А нам с женой на кой хрен и за какие такие заслуги перед родиной и партией те же ящики он уже год возит? Я не ем. Мне стыдно. Отец не ест. Тоже неловко ему. Соседи видят машину, Ивана Максимовича с ящиками. Считаете, не знают, что в них? Думают, наверное, что книги? Чтобы мы все умнели, с вами уравнивались. Они ж идиоты, соседи. Как дети малые. Не врубаются. Да там от ящиков запах от свиного копченого карбоната – на весь двор. Собаки сбегаются. Так вот Надежда лопает и мать моя с ней вместе. Неудобно ей, что Иван Максимович впустую надрывается. Ящики таскает. Вот и скажите мне – за что такие реверансы вам и от кого? И нам, тем более? Как вы это издевательство над народом зовёте скромно – привилегии? Вот эти ваши спец ателье, отдельные магазины с товарами, которых многие даже в заграничных киношках не видели?
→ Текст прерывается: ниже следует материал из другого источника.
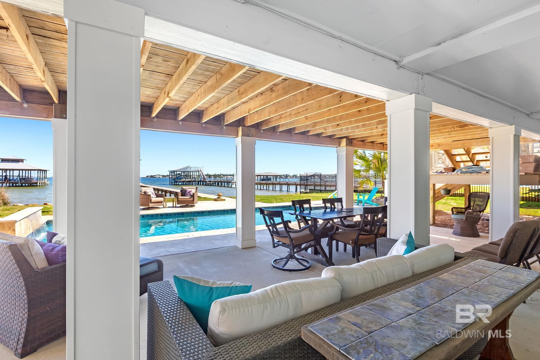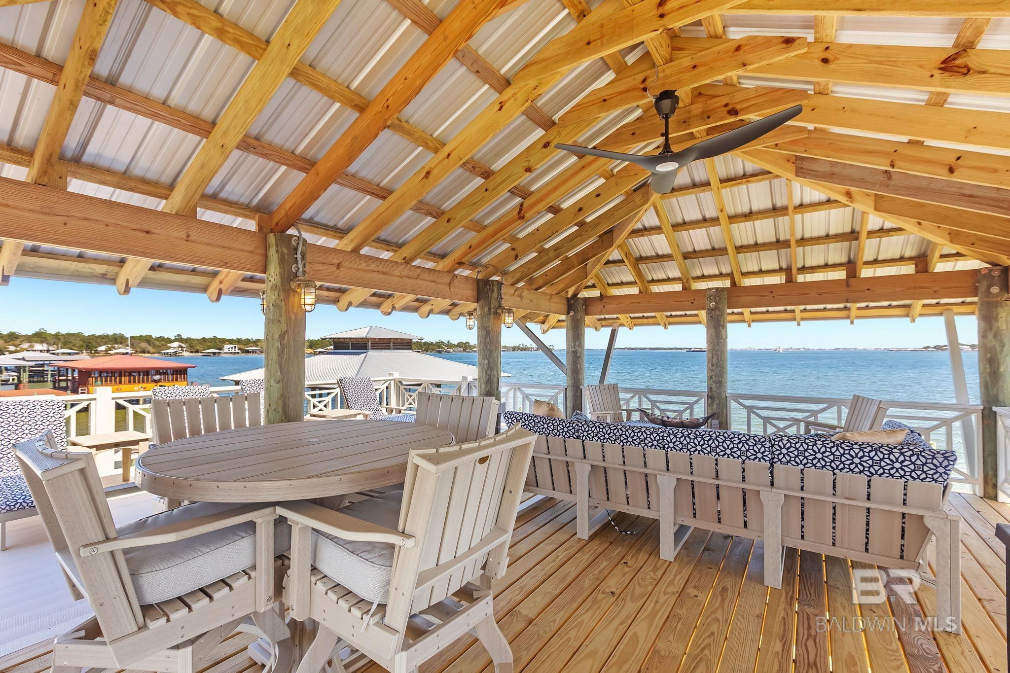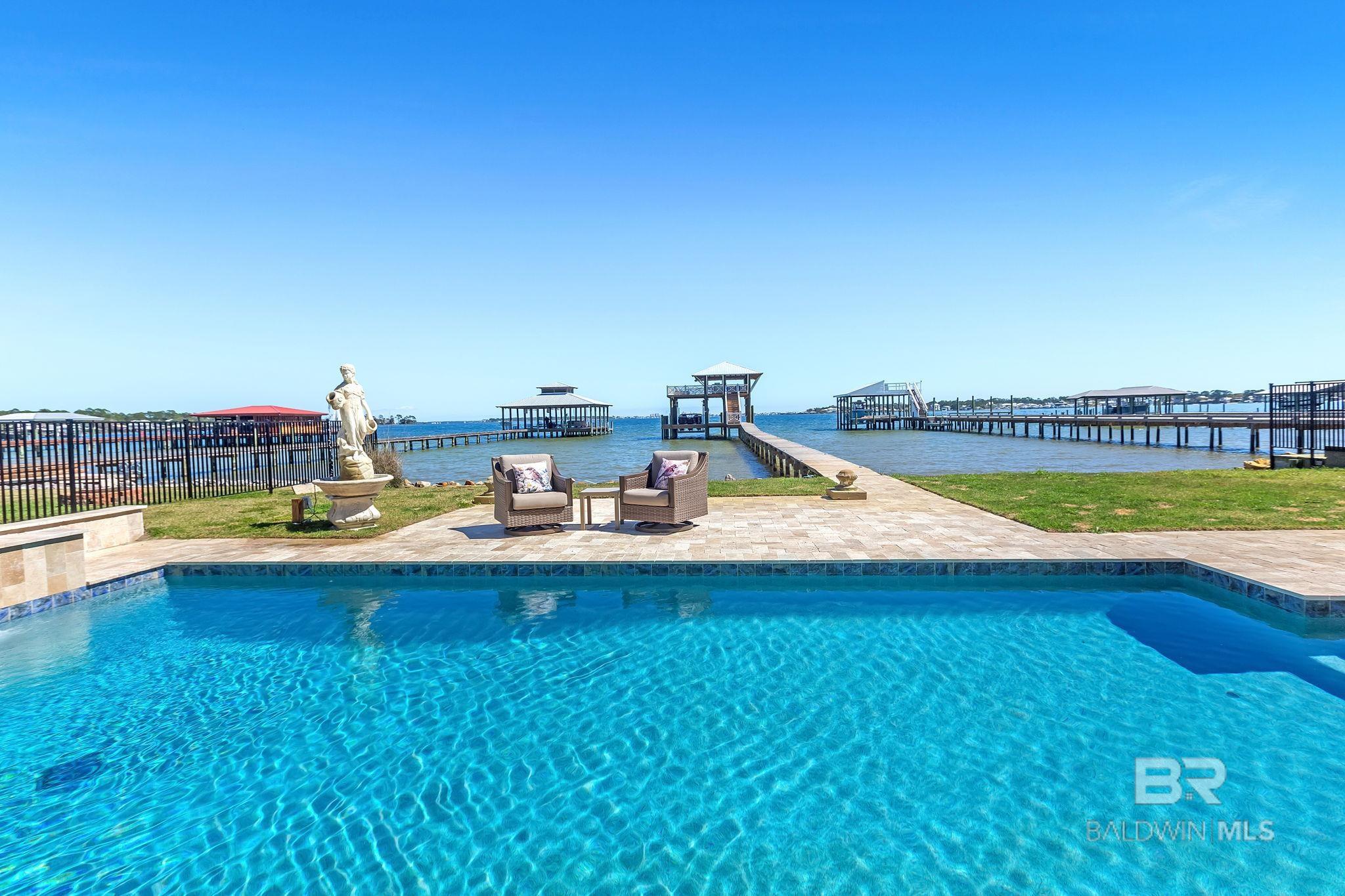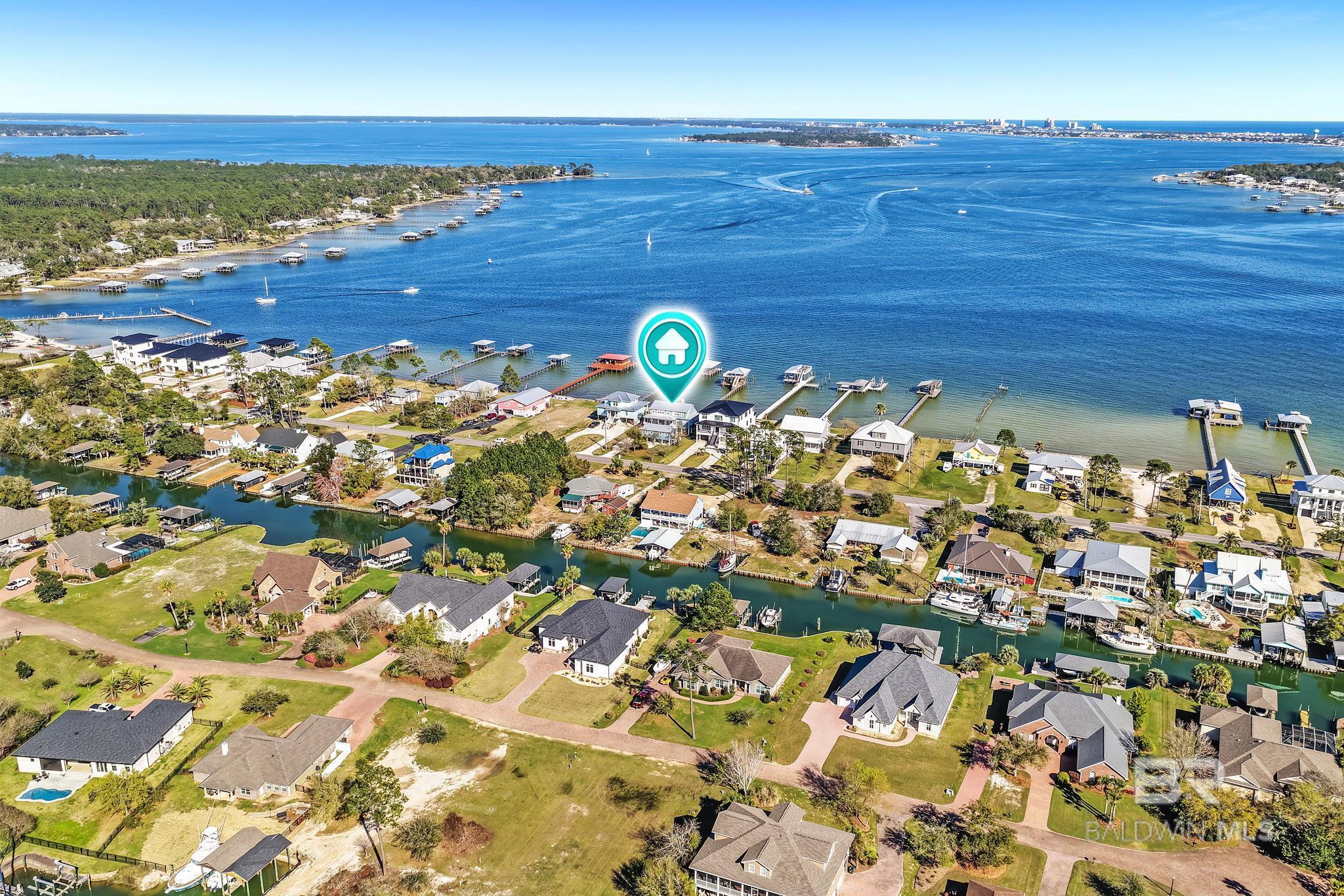 RARE BIG WATER SHORT-TERM RENTAL APPROVAL GUEST HOUSE CUSTOM PIER HEATED POOL Big-water home near Pirates Cove approved for short-term rentals, Perfectly positioned on the open waters of Arnica Bay in the Josephine boating community, this exceptional property combines breathtaking bay views, a custom two-level pier, heated saltwater pool, and a detached guest cottage creating the ultimate coastal compound for boating, entertaining, and hosting guests. THE PIER A TRUE DESTINATION ON THE BAY The custom-designed two-level pier is the centerpiece of the property. The covered upper deck captures steady bay breezes and panoramic water views Covered upper entertaining deck Two boat slips Boat lift Second slip for larger vessels Direct boating access to Pirates Cove Marina, Robinson Island, Perdido Pass, and the Gulf of Mexico MAIN RESIDENCE Designed to maximize views and comfortable coastal living. Spacious primary suite with private sitting room Water-view flex space currently used as an office Open living, dining, kitchen, and breakfast nook Built-in storage throughout Elevator Upper Level Three additional bedrooms Large second living / media room Full bath with room to add another Attic storage RESORT-STYLE OUTDOOR LIVING Large heated & cooled saltwater pool with travertine patio Expansive covered entertaining area under the home Waterside back porch overlooking Arnica Bay Classic Southern Living-style front porch Hot-water outdoor shower Irrigated sodded yard DETACHED GUEST COTTAGE Charming 2 bedroom / 1.5 bath guest cottage (approx. 940 sq ft) ideal for visiting guests, extended family, or additional short-term rental income potential. PRIME BOATING LOCATION Located in the heart of the beloved Josephine waterfront community, just a short walk or golf cart ride to: Pirates Cove Marina & Restaurant BIG WATER SHORT-TERM RENTAL APPROVAL GUEST HOUSE CUSTOM PIER HEATED POOL Buyer to verify all information during due diligence.

Дачи у вас – теремки. Машины – новехонькие каждый год, баня барская для вас, властелинов в обкомовском дворе каждый день дымит, даже ресторан есть коммунистический в подвале обкома. Лично для вас с Бахтиным охотничий домик двухэтажный срубили из брёвен в сосновом бору. Вы ж коммунисты! Пример скромности и альтруизма. Ленин спал – подушки не было. Кепку под голову подкладывал. Пальтишком худым – дырявым укрывался. Вы что, лучше Ленина, обкомовские главари?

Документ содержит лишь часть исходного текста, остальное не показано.